En esos momentos, ni los mejores profesionales saben cómo actuar o responder, Carlet solo atinó a decir, “La sesión de hoy terminó, es momento de que vayas a casa y descanses”. El joven se retiró del consultorio con una carga menos, había compartido su dolor, estaba listo para seguir con su trabajo nocturno, tal vez solo quería ser escuchado y sentirse apoyado.
Carlet después de haber meditado unos minutos emprendió una caminata presurosa hacia la comisaria más cercana. Rápidamente confesó todo, dio los datos requeridos y la policía en menos de lo que canta un gallo atrapó al joven. Lo encontraron a punto de matar a un político que se había enriquecido a costas de dinero público.
Carlet logró cruzar mirada con el joven, cuando éste estaba siendo introducido a la celda. Solo había un inmenso dolor en el aire, un suspenso de entendimiento, saber si hizo bien o si hizo mal, mas es así como Carlet creyó que se debió actuar. Esa noche Carlet se retiró a casa muy tarde.
Pasaron unos días luego del incidente y nuevamente un viernes por la tarde tocaron la puerta del consultorio. “¿Quién es?” dijo Carlet, “La policía”, respondieron unos hombres, “tenemos una orden de arresto contra usted”.
Carlet fue llevada a prisión por violar el secreto profesional del psicólogo, fue sentenciada por el juez supremo de la nación.
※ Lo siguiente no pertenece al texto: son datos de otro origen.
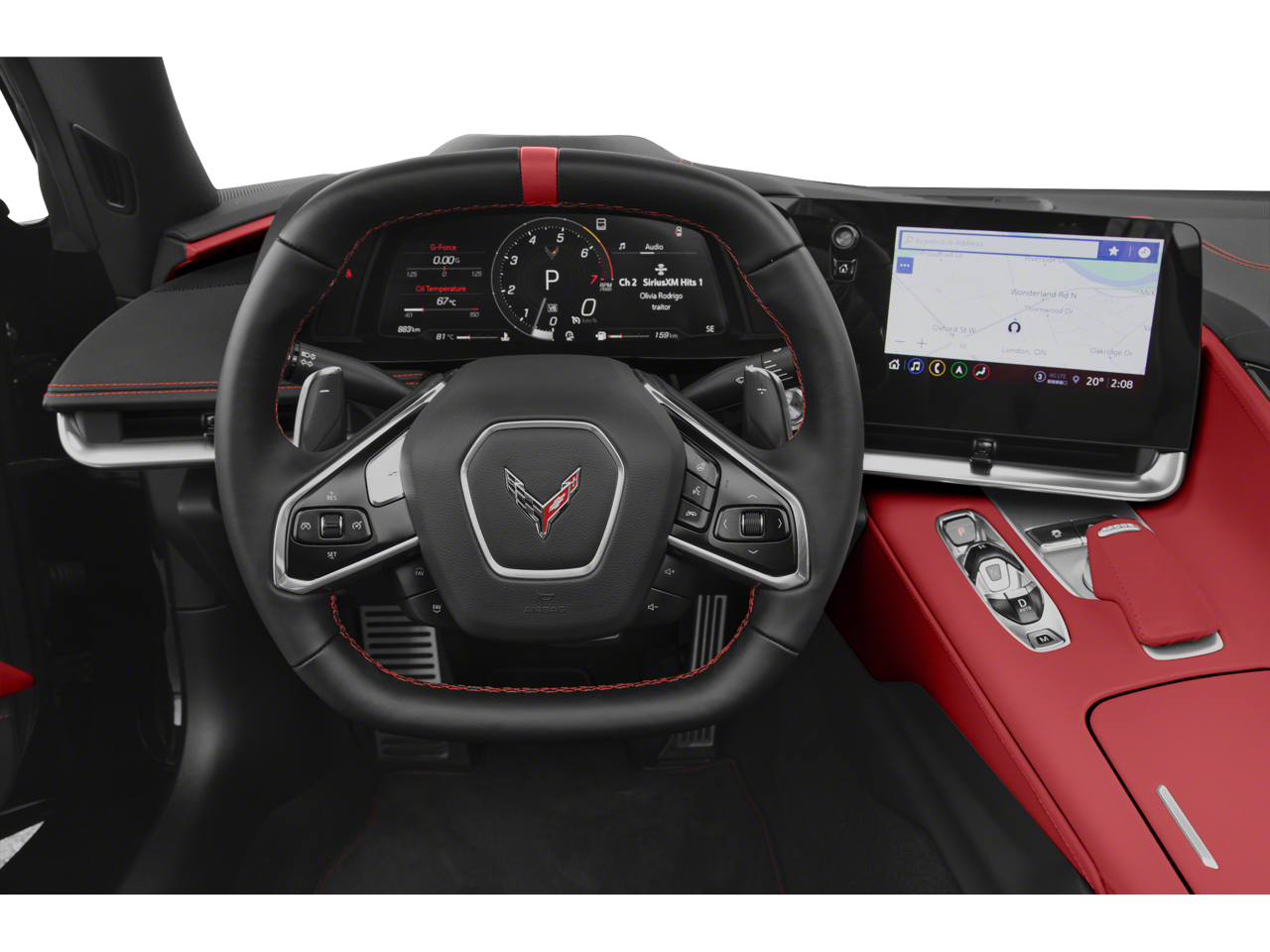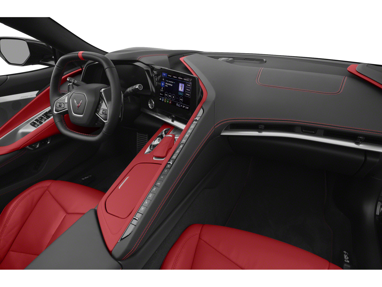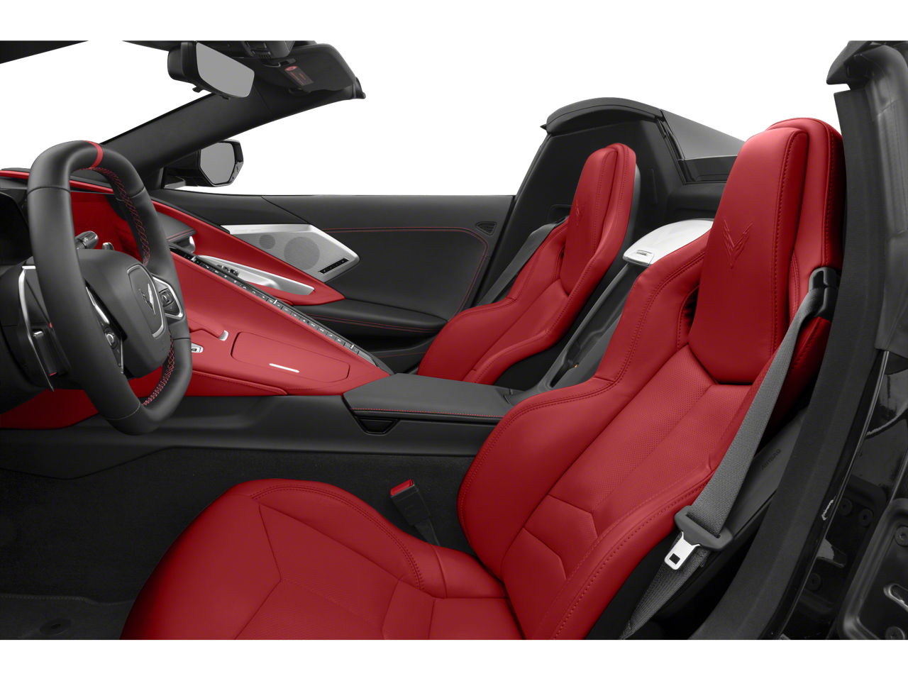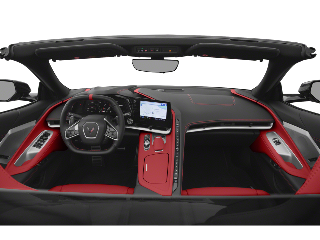 This Corvette is well equipped with Carbon Flash Metallic Painted Outside Mirrors (Carbon Flash Metallic-Painted Outside Mirrors), Custom Leather Wrapped Interior Package, Memory Driver & Passenger Convenience Package, Preferred Equipment Group 3LT (2 Cargo Nets, Driver Power Bolster Seat Adjuster, Electrical Theft Deterrent System, HD Front & Rear Vision Cameras, Head-Up Display, Heated & Vented Driver & Passenger Seats, Heated Steering Wheel, Passenger Power Bolster Seat Adjuster, Performance Data & Video Recorder, Power Driver Lumbar Control Seat Adjuster, Power Passenger Lumbar Control Seat Adjuster, Power-Adjustable Outside Heated Mirrors, Rear Cross Traffic Alert, Side Blind Zone Alert, Sueded Microfiber-Wrapped Upper Interior Trim Pkg, Universal Home Remote, Vehicle Inclination Theft Deterrent Sensor, Vehicle Interior Movement Theft Deterrent Sensor, and Wireless Charging for Devices), Z51 Performance Package (Electronic Limited-Slip Differential, Heavy-Duty Cooling System, Performance Exhaust w/Stainless-Steel Tips, Performance Rear Axle Ratio, Rear Z51 Spoiler, Z51 Performance Brakes, and Z51 Performance Suspension), 14 Speakers, 2-Tone Seats, 4-Wheel Disc Brakes, 8-Way Power Driver Seat Adjuster, 8-Way Power Passenger Seat Adjuster, ABS brakes, Air Conditioning, All-Weather Floor Liners w/Jake Logo (LPO), Alloy wheels, AM/FM radio: SiriusXM, Auto-dimming door mirrors, Auto-dimming Rear-View mirror, Automatic temperature control, Black Lug Nuts (LPO), Black Wheel Center Caps w/Gray Stingray Logo (LPO), Black Wheel Locks (LPO), Bose Performance Series Sound System w/14 Speakers, Brake assist, Bright Red-Painted Calipers, Bumpers: body-color, Compass, Convertible HardTop, Convertible roof lining, Convertible Top w/Carbon Flash Nacelles & Roof, Delay-off headlights, Driver door bin, Driver vanity mirror, Dual front impact airbags, Dual front side impact airbags, Electronic Stability Control, Emergency communication system: OnStar and Chevrolet connected services capable, Four wheel independent suspension, Front anti-roll bar, Front Bucket Seats, Front Center Armrest, Front dual zone A/C, Front Lift Adjustable Height w/Memory, Front reading lights, Fully automatic headlights, Garage door transmitter, Glass rear window, GT2 Bucket Seats, HD Radio, Heads-Up Display, Heated door mirrors, Heated front seats, Heated steering wheel, Illuminated entry, Integrated roll-over protection, Leather Shift Knob, Leather steering wheel, Low tire pressure warning, Memory seat, Napa Lthr Seating Surfaces w/Perforated Inserts, Navigation System, Occupant sensing airbag, Outside temperature display, Overhead console, Panic alarm, Passenger door bin, Passenger vanity mirror, Performance Traction Management, Personalized Plaque, Power convertible roof, Power door mirrors, Power driver seat, Power passenger seat, Power steering, Power windows, Radio data system, Radio: Chevrolet Infotainment 3 Premium System, Rear anti-roll bar, Rear Parking Sensors, Rear window defroster, Remote keyless entry, Security system, SiriusXM Radio, Speed control, Speed-sensing steering, Sport steering wheel, Steering wheel memory, Steering wheel mounted audio controls, Tachometer, Telescoping steering wheel, Tilt steering wheel, Traction control, Trip computer, Turn signal indicator mirrors, Variably intermittent wipers, Ventilated front seats, Voltmeter, Wheels: 19" x 8.5" Fr/20" x 11" Rr Bright Silver, Wheels: 19" x 8.5" Fr/20" x 11" Rr Carbon Flash, Wireless Apple CarPlay/Wireless Android Auto, and Z51 Perf Suspension w/Magnetic Selective Ride Cntrl.
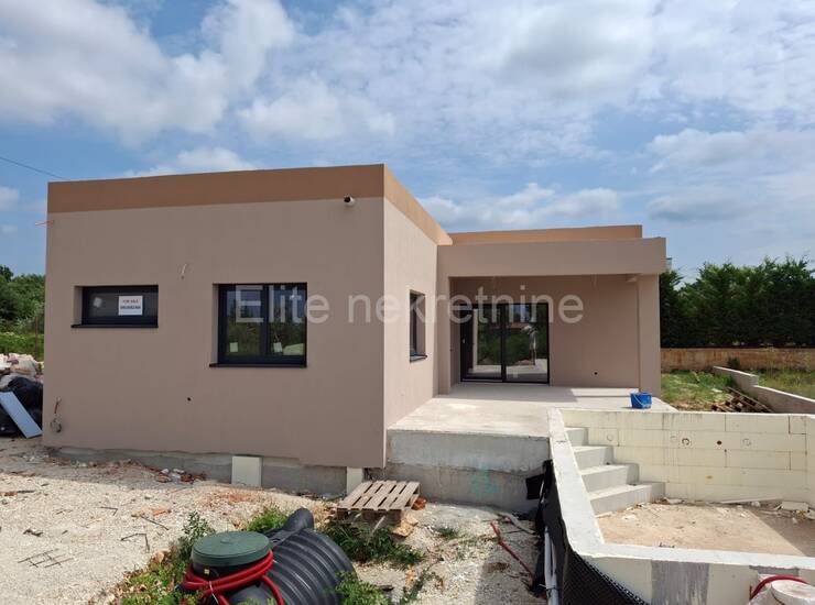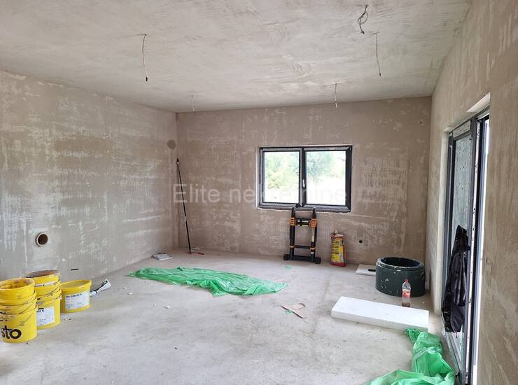 ISTRA, ŠTOKOVCI - Prodaja visokokvalitetne prizemnice sa bazenom!U mirnom naselju Bijažići na području centralne Istre smjestila se prizemnica sa bazenom ukupne stambene površine od 106m2 na okućnici od 548m2.Lokacijski ova prizemnica pruža mir jer je većinskim dijelom okružena prirodom.Koncept kuće određen je na sljedeći način:U tlocrtnom obliku L su smještene dvije spavaće sobe, ulazni hodnik, wc, kupatilo, vešeraj sa spremištem , dnevni boravak sa blagovaonicom i kuhinjom na konceptu open space.Investitor je koristio jako kvalitetne materijale u izgradnji kao šta su unutarnji i vanjski nosivi zidovi od "porotherm" opečnih blokova za koje je dokazano da doprinose energetskoj učinkovitosti Vašeg budućeg doma, ab gredama i stupovima.Fasada je termički izolirana falcanim stiroporom debljine 10 cm i glatkom žbukom. A stropnoj ab ploči iznad kata se predviđaju svi potrebni slojevi tkzv."ravnog neprohodnog krova": beton za nagib , parna brana , termoizolacija ,hidroizolacija i završna zaštita od insolacije (otporna na UV zrake) u svemu u skladu sa važećim tehničkim propisima i uputstvima proizvođača.Prozori i balkonska vrata opremljeni su PVC šestokomornim profilima i trostrukim termo izolirajućim staklom.Kao dodatni sadržaj napomenuli bi vanjski bazen veličine od 28m2 koji je u prvoj fazi.Grijanje je riješeno sustavom klimatizacije putem tri klime te predviđenim dimnjakom za peć na pelete ili drva.Nekretnina je ograđena betonskom ogradom koja vam daje sigurnost i željenu privatnost.

En dos meses el político que iba a ser asesinado por el joven asumió el cargo de presidente de la república y empezó a cobrar todo lo que invirtió en su campaña electoral, los delincuentes ya no tuvieron miedo y empezaron a recuperar el tiempo perdido. Por muy poco se parece a nuestra realidad, pero este relato sucedió en un universo paralelo.